US 12,456,461 B2
	Electronic apparatus for processing user utterance and controlling method thereof
Sangmin Park, Suwon-si (KR); and Jaeyung Yeo, Suwon-si (KR)
Assigned to Samsung Electronics Co., Ltd., Suwon-si (KR)
Filed by Samsung Electronics Co., Ltd., Suwon-si (KR)
Filed on Jul. 20, 2022, as Appl. No. 17/869,411.
Application 17/869,411 is a continuation of application No. PCT/KR2021/015453, filed on Oct. 29, 2021.
Claims priority of application No. 10-2020-0142314 (KR), filed on Oct. 29, 2020.
Prior Publication US 2022/0358925 A1, Nov. 10, 2022
Int. Cl. G10L 15/22 (2006.01); G06F 3/16 (2006.01); G10L 15/30 (2013.01)

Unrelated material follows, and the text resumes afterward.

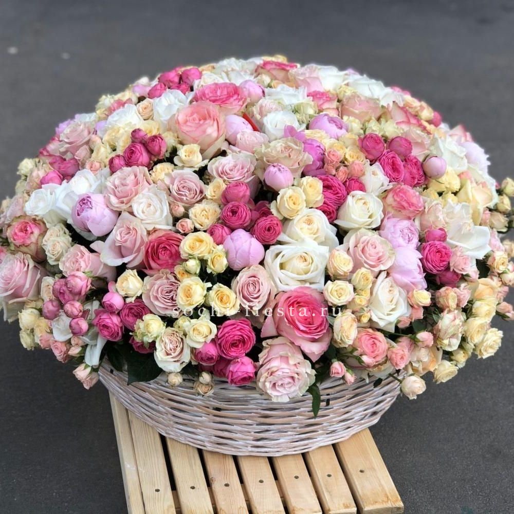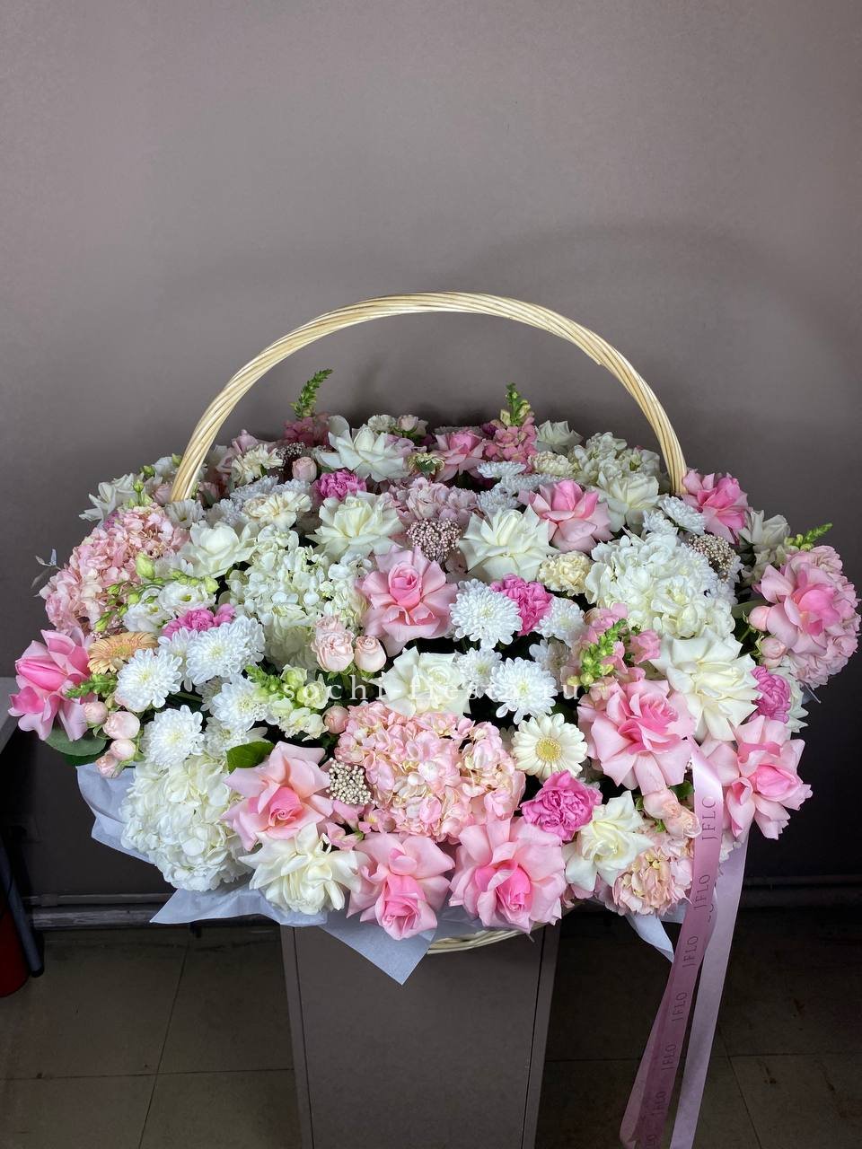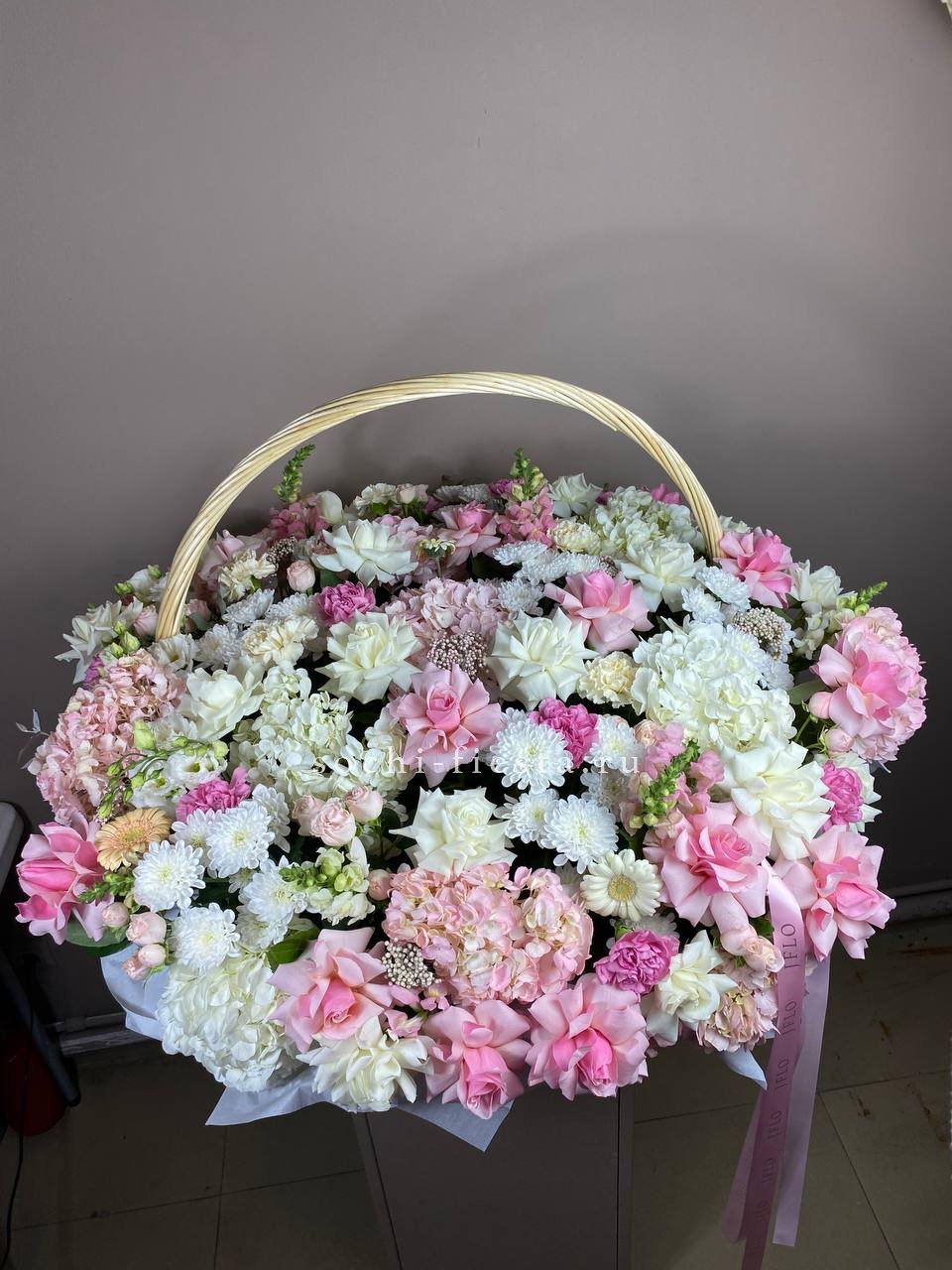 Корзина объединяет гортензии, эустомы, розы и маттиолу в многослойную композицию. Разные фактуры лепестков создают визуальную глубину и насыщенность.

CPC G10L 15/22 (2013.01) [G06F 3/167 (2013.01); G10L 15/30 (2013.01); G10L 2015/223 (2013.01); G10L 2015/228 (2013.01)]

20 Claims

1. An electronic device comprising:

a microphone;

memory storing instructions, a plurality of domain sets and a capsule database including a plurality of capsules corresponding to the plurality of domain sets, the plurality of capsules including relationships between a plurality of concepts and actions corresponding to the plurality of domain sets; and

at least one processor, comprising processing circuitry, electrically connected to the microphone and the memory,

wherein the instructions, when executed by the at least one processor individually or collectively, cause the electronic device to:

acquire a voice signal using the microphone;

acquire context information associated with at least one of the electronic device or a user;

determine whether domain sets are identified from among the plurality of domain sets stored in the memory based on the context information;

when a single domain set is identified among the plurality of domain sets based on the context information, determine a first domain set as the identified single domain set;

when more than one domain set are identified among the plurality of domain sets based on the context information, select the first domain set among the identified more than one domain set based on an utterance of the user in the voice signal;

when no domain sets are identified among the plurality of domain sets based on the context information:

transmit, to a server, the context information and the voice signal,

receive, from the server, the first domain set corresponding to the context information and the voice signal;

generate a plan including a plurality of operations for processing a task corresponding to the voice signal based on the determined first domain set and capsules corresponding to the determined first domain set; and

perform the plurality of operations corresponding to the voice signal.